0

I am filling datatable in dataset by iterating through collection and sorting it:

foreach (var item in items)
{
    DataRow newRow = dataTable.NewRow();
    contractRow["column1"] = item.Value1;
    contractRow["column2"] = item.Value2;
    dataTable.Rows.Add(newRow);
}
dataTable.DefaultView.Sort = "column1 asc";

Everything works fine.

But when I'm trying to generate datatable in parallel:

Parallel.ForEach(items, (item) =>
{
    DataRow newRow = dataTable.NewRow();
    contractRow["column1"] = item.Value1;
    contractRow["column2"] = item.Value2;
    lock (sync)
    {
        dataTable.Rows.Add(newRow);
    }
});
dataTable.DefaultView.Sort = "column1 asc";

sorting fails with

ArgumentException: An item with the same key has already been added.

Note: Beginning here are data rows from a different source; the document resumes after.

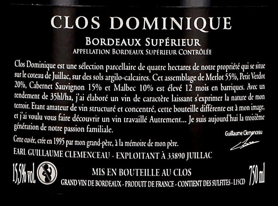 Clos Dominique 75cl 2015 Bordeaux Superieur
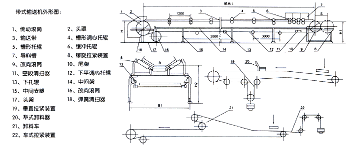 注:以上功率估算的工作條件為正常溫度,水平帶速1m/s,物料容量11/m3,動堆積角30度,一個空段清掃器,一個彈簧清當器和一個導料槽并考慮加速阻力因素。每個犁式卸料器所需功率約為:B500:0.3KW;B650:0.35KW;B800:0.45KW。
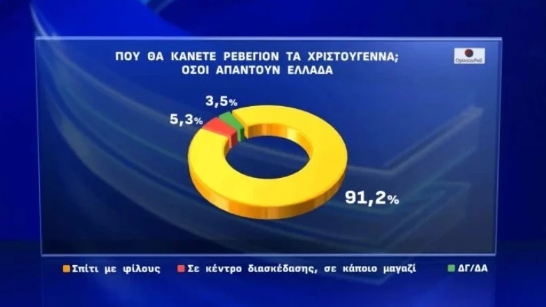 Συντριπτικά υπερέχουν τα σπιτικά Χριστούγεννα, αφού στην ερώτηση για το ρεβεγιόν των Χριστουγέννων, με το 91,2% να απαντά ότι θα είναι «σπίτι με φίλους», ενώ μόλις το 5,3% λέει ότι θα βγει σε κάποιο μαγαζί.
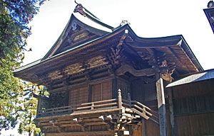 神楽殿 3月15日の春季例祭には太々神楽 が奉納される。 |
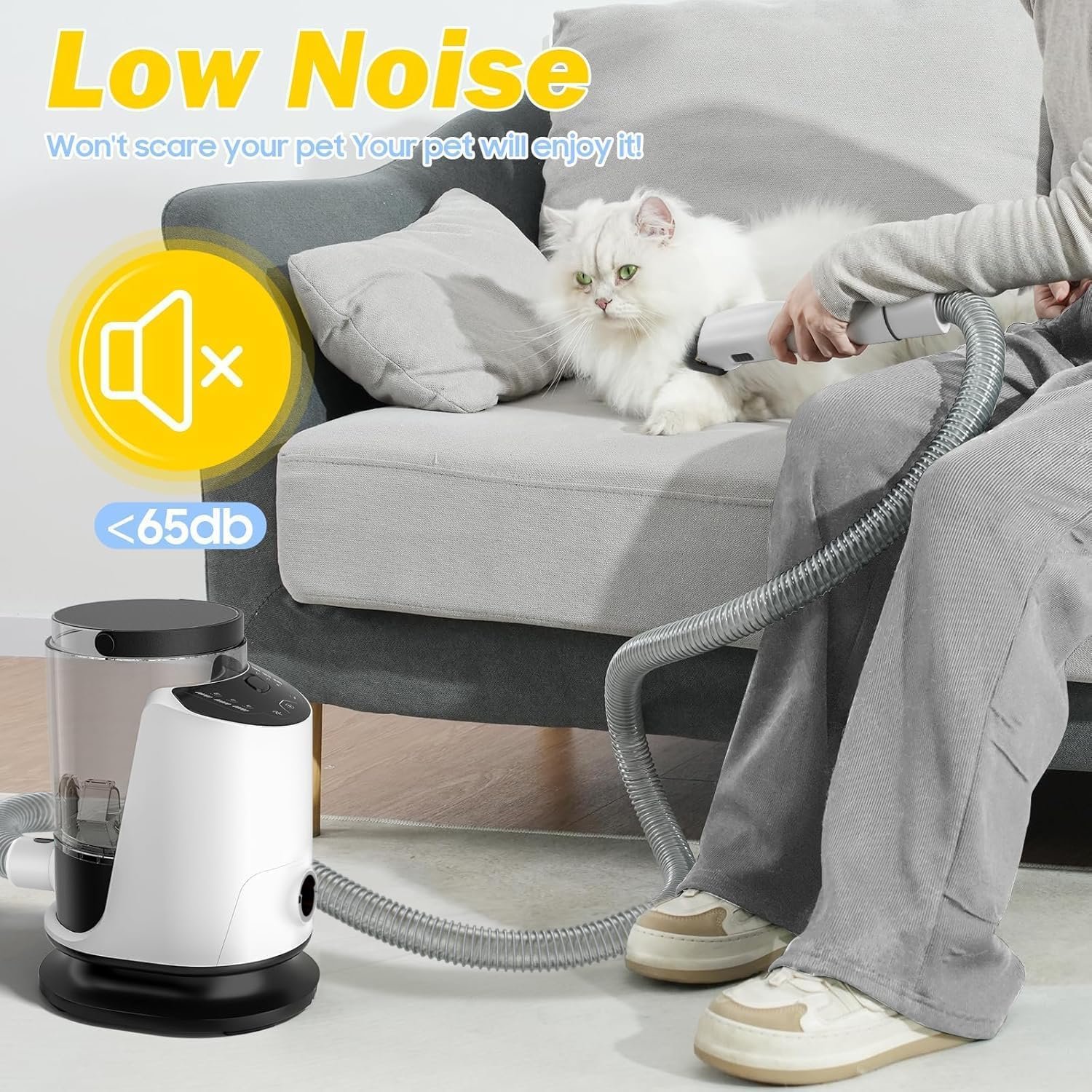 Low Noise Design: Our pet grooming vacuum have a minimum noise level of less than 65 decibels, and we recommend brushing your pet’s coat with our brush before trimming it, treating your pet with a small snack and avoiding stressing your pet with the noise of the vacuum cleaner, which will undoubtedly make the pet grooming experience more enjoyable.
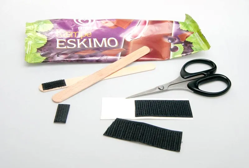 Sticking small pieces of Velcro on ice lolly sticks produces an excellent and cheap fly tying tool. And you get to eat the ice too!
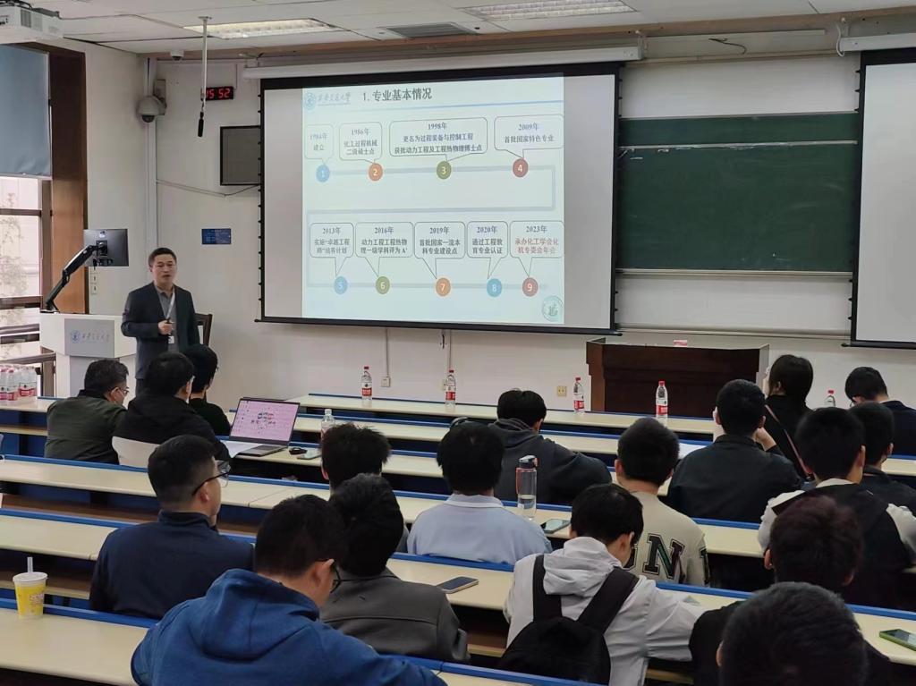 齐宝金主任从历史沿革与专业荣誉、师资队伍及教学平台研究基地、教育基金和培养成果、学科建设与综合改革四个方面介绍了过程装备与控制工程系,并对同学们选择过程装备与控制工程专业表示欢迎。他建议学生要提高站位,紧盯国家重大需求和科技发展前沿,结合自身兴趣、特长来选择专业,做好人生的长远规划。
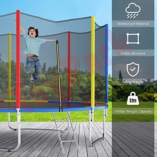 - JUMPING PAD & SPRING COVER - Trampoline jumping pad (pp material) that is wear-resistant. Safety enclosure netting, jumping mat and thick padded foam spring cover perfectly overlaps each other eliminating the gaps to ensure your safety while jumping. The trampoline will not fade when it is used outdoors (in order to keep the trampoline's new appearance when it is not in use, it is best to put it under shade.)
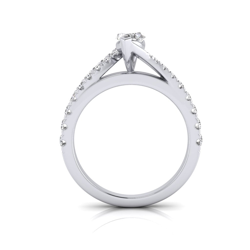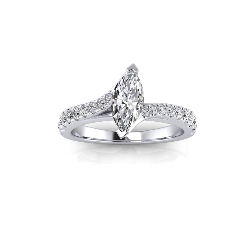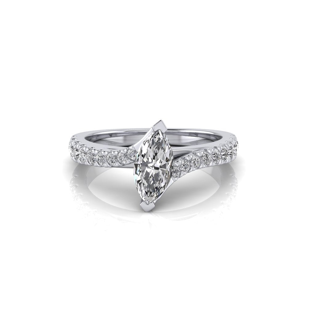The Daisy Marquise Ring features a natural marquise diamond as the centre stone, secured by V-end claws. The band features shoulder diamonds and an unique twist design.
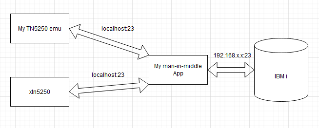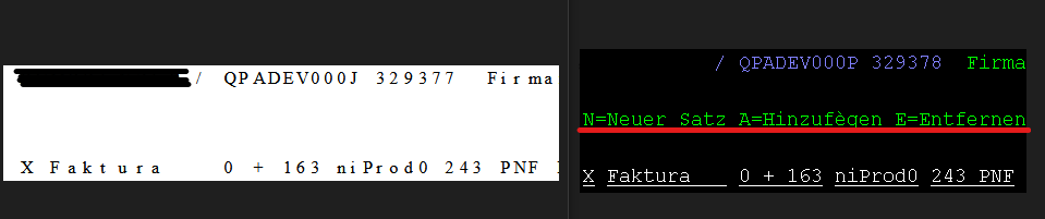 My implementations doesnt show a specific text compared to xtn5250. First i thought my implementation is buggy, but after looking at the data my man-in-middle is recording, my implementation didnt even got this line from the ibm i.

Any idea why this happens?

Pavel S.
  • 21
  • 4
  • how big is this datatable? *why* is it a datatable? there may be better sorting options available, but very few of them will apply to data-tables – Marc Gravell Mar 26 '18 at 15:29
  • The datatable has about 30 columns and up to 50 000 rows, depending on data required, and it grows by another thousand or two rows every month. The program obtains the data from numerous files, makes some calculations and exports the results to excel. Long time ago dataset seemed to be comfortable way to do it, but now gathering the data required takes too long. – Pavel S. Mar 26 '18 at 19:41
  • I hate to say it, but I think the first thing you need to do is: stop using data table. Once you've done that, there are *lots* of things you can do to make sorting incredibly fast - I've blogged about this extensively recently, for example – Marc Gravell Mar 27 '18 at 08:23

2 Answers2

0

You need to lock the entire section where DataTable is altered as they are not thread-safe for writing, but that defeats the purpose of having Parallel.ForEach in the first place.

lock (sync)
{
    DataRow newRow = dataTable.NewRow();
    contractRow["column1"] = item.Value1;
    contractRow["column2"] = item.Value2;
    dataTable.Rows.Add(newRow);
}

More info about thread safety for DataTable can be found here: Thread safety for DataTable

Vidmantas Blazevicius
  • 4,652
  • 2
  • 11
  • 30
0

The problem is that like a DataTable, a DataRow is only thread-safe for read operations. You have to sync for write operations. Assigning values to the ItemArray is a write operation, and is not thread-safe. You're likely getting two rows that have the same values for the table primary key, thus the error.

CDove
  • 1,940
  • 10
  • 19